● What needs to be done: Please give back, exactly as written, the lines from the line with "ホワイトブリーチしたミディア" to the line with "ベッドスプレッドは布団の上に" in the listing below, leaving out all pictures.

--- Source information Enclosed Below ---

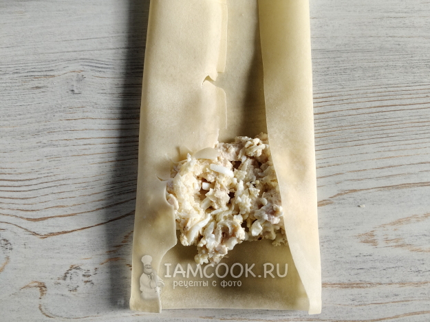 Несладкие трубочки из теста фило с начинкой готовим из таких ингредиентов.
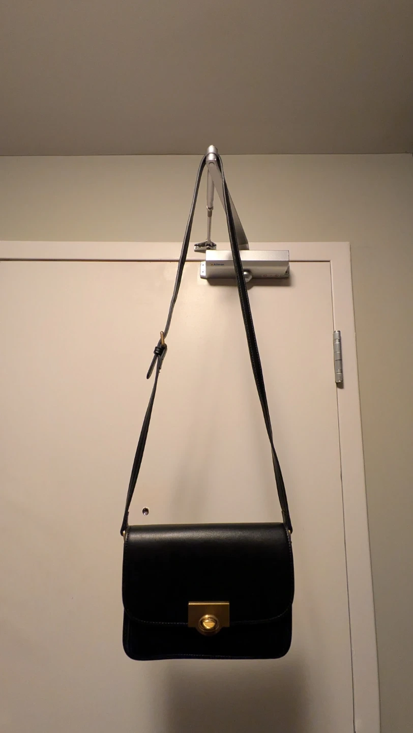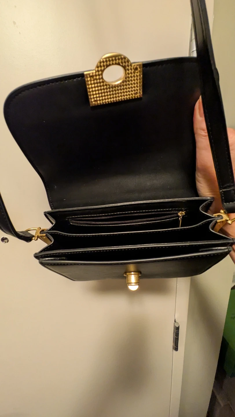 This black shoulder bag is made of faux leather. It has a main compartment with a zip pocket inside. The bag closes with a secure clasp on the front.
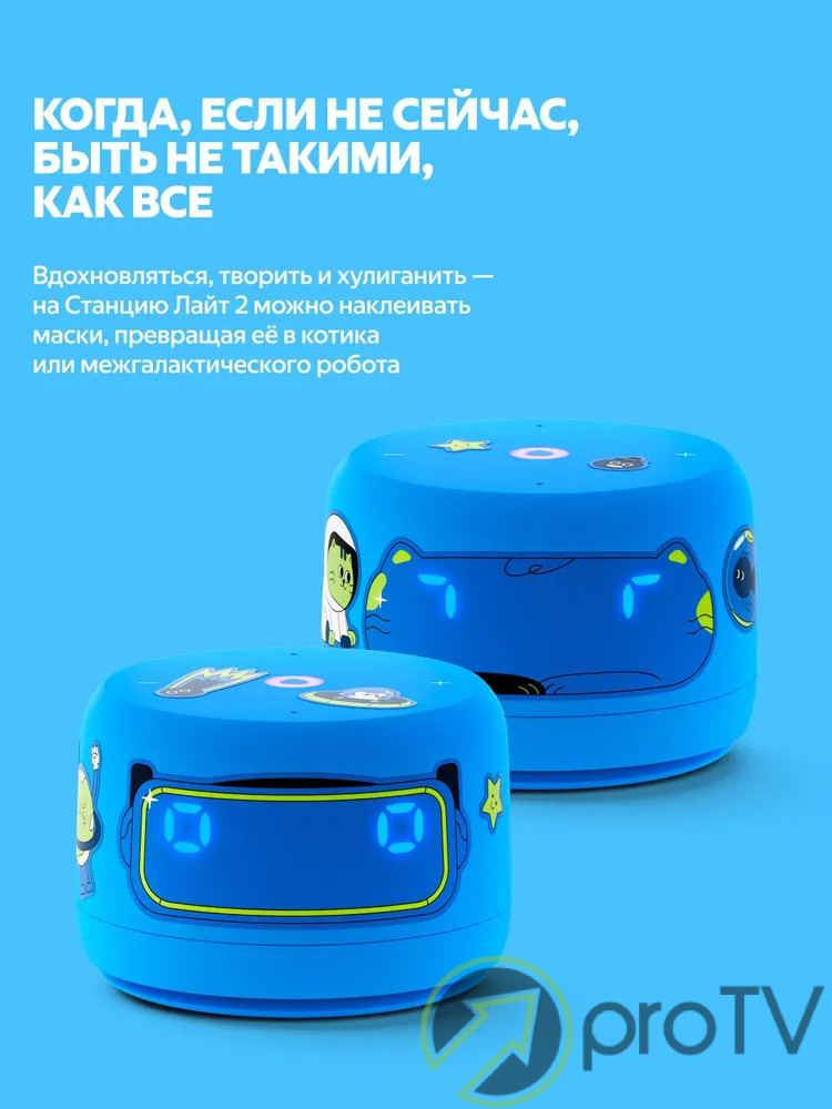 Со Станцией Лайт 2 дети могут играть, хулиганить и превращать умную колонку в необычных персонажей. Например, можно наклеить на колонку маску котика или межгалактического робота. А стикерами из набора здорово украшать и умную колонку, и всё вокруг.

--- End of Enclosed Source information ---
--- Source information Enclosed Below ---

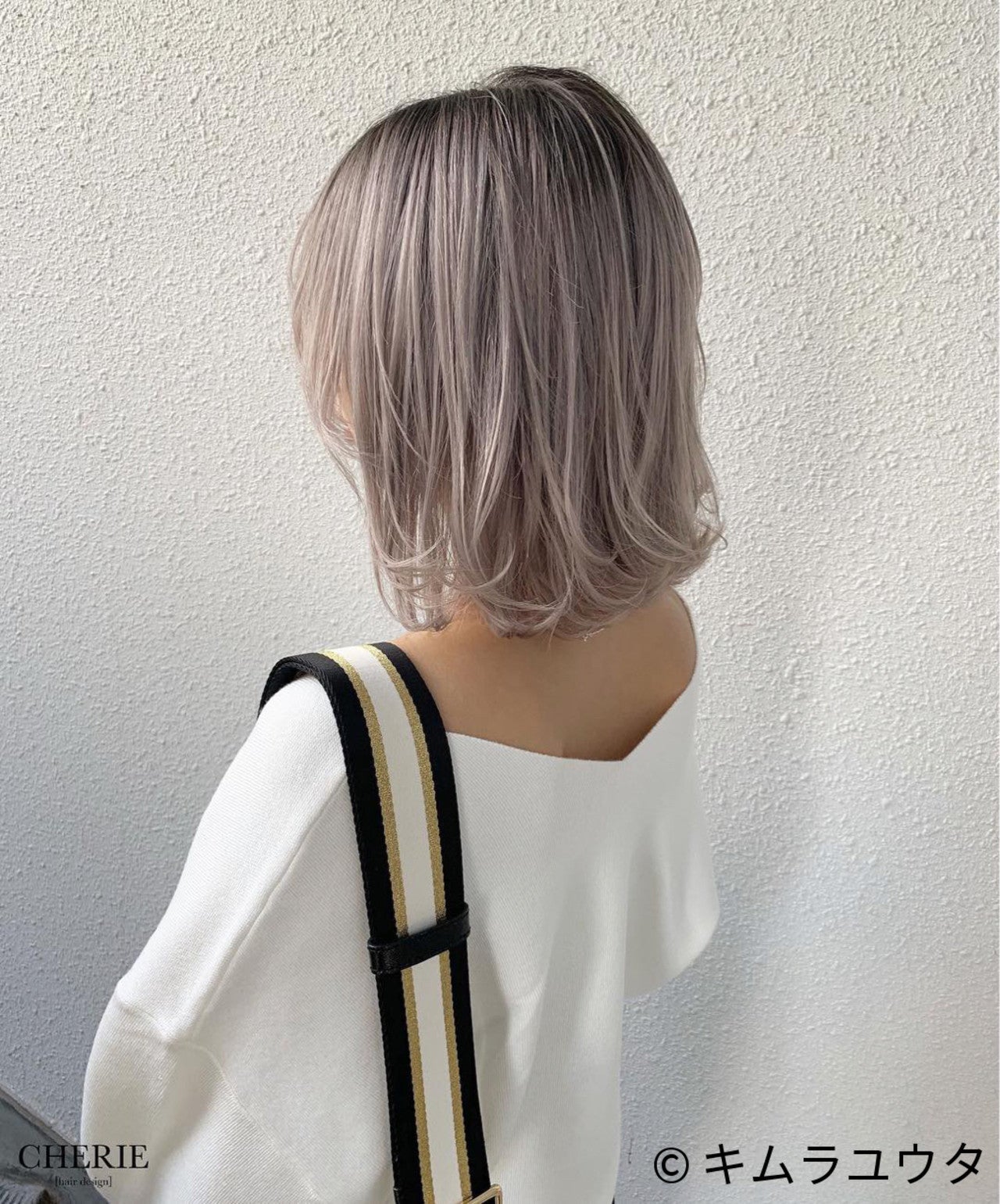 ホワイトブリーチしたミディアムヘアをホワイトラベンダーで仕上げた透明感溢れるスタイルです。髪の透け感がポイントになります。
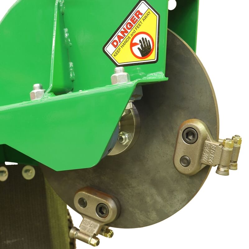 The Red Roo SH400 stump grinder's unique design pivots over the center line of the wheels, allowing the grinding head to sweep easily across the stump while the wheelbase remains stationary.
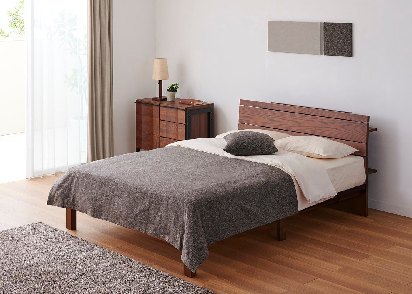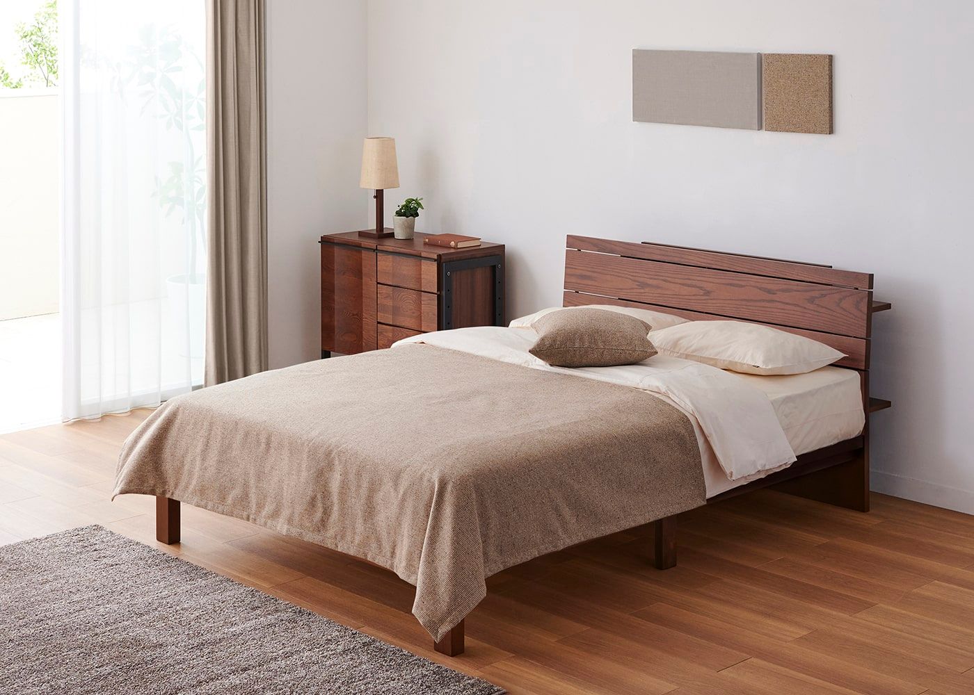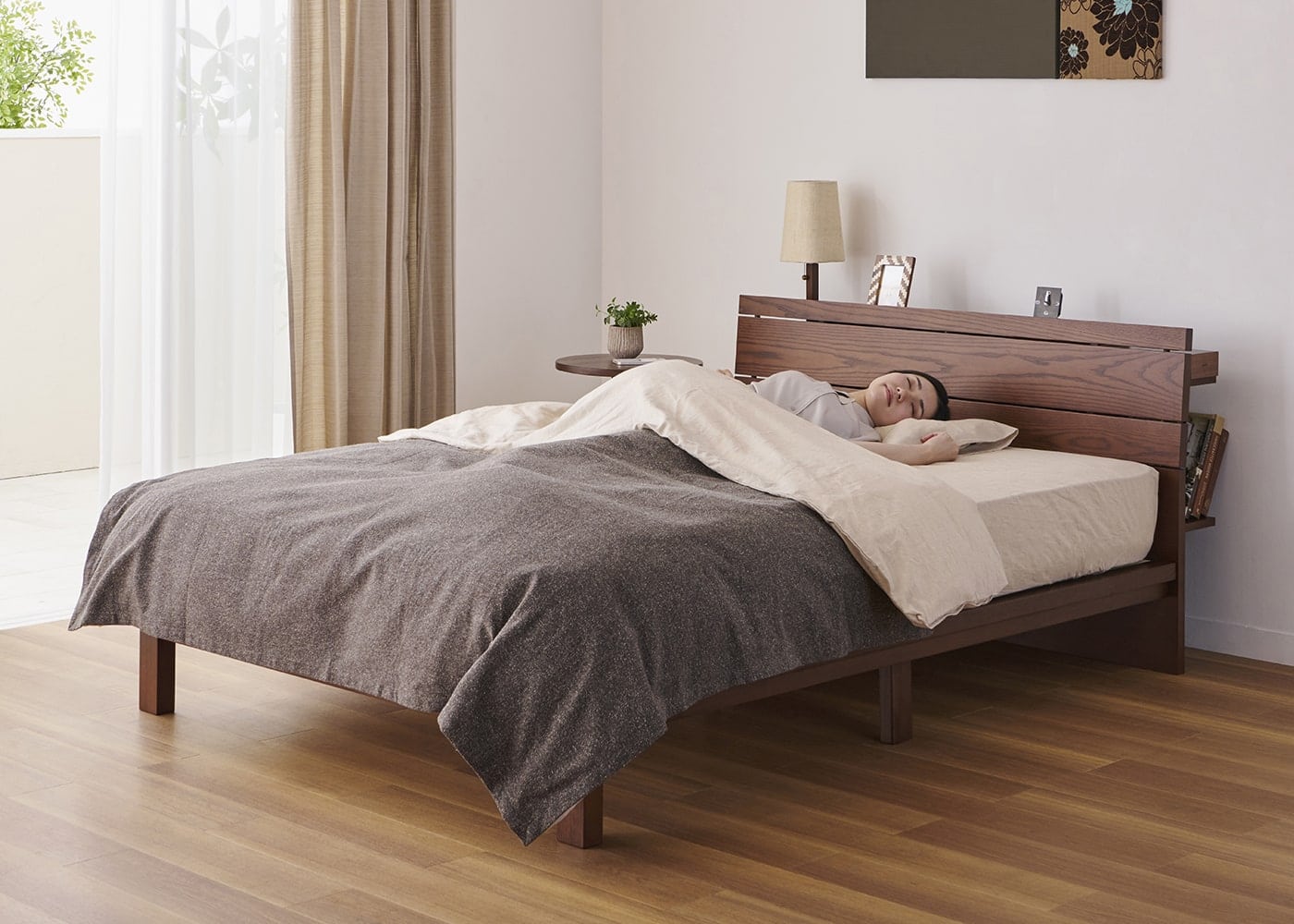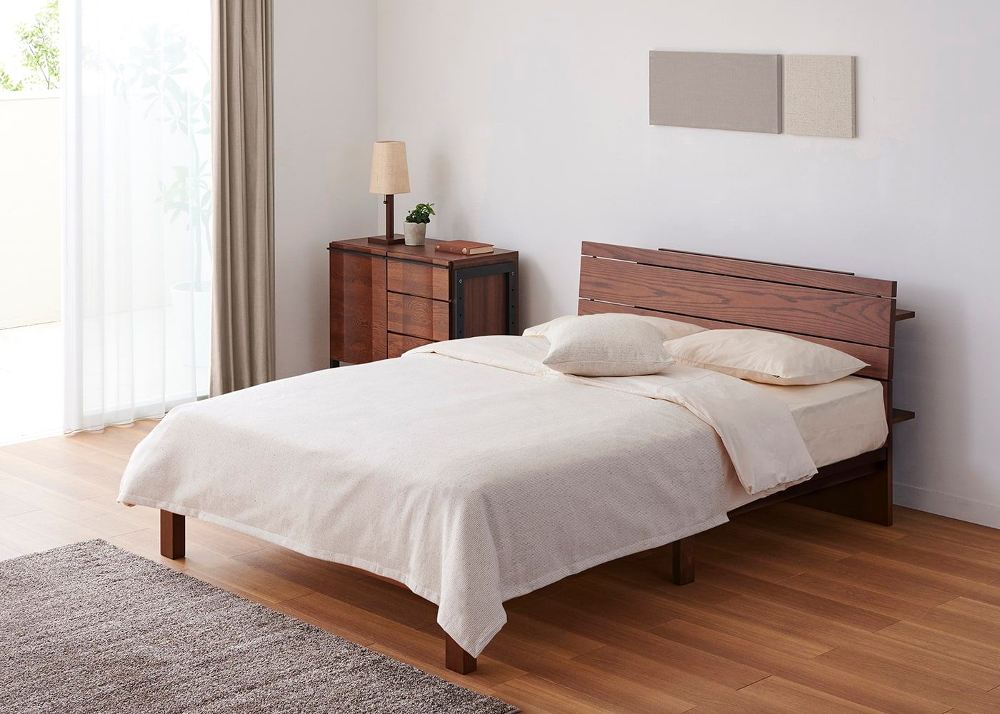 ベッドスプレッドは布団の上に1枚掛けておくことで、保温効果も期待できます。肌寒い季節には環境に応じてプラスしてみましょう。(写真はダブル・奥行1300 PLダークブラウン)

--- End of Enclosed Source information ---

● Completed task:
 ホワイトブリーチしたミディアムヘアをホワイトラベンダーで仕上げた透明感溢れるスタイルです。髪の透け感がポイントになります。
 The Red Roo SH400 stump grinder's unique design pivots over the center line of the wheels, allowing the grinding head to sweep easily across the stump while the wheelbase remains stationary.
 ベッドスプレッドは布団の上に1枚掛けておくことで、保温効果も期待できます。肌寒い季節には環境に応じてプラスしてみましょう。(写真はダブル・奥行1300 PLダークブラウン)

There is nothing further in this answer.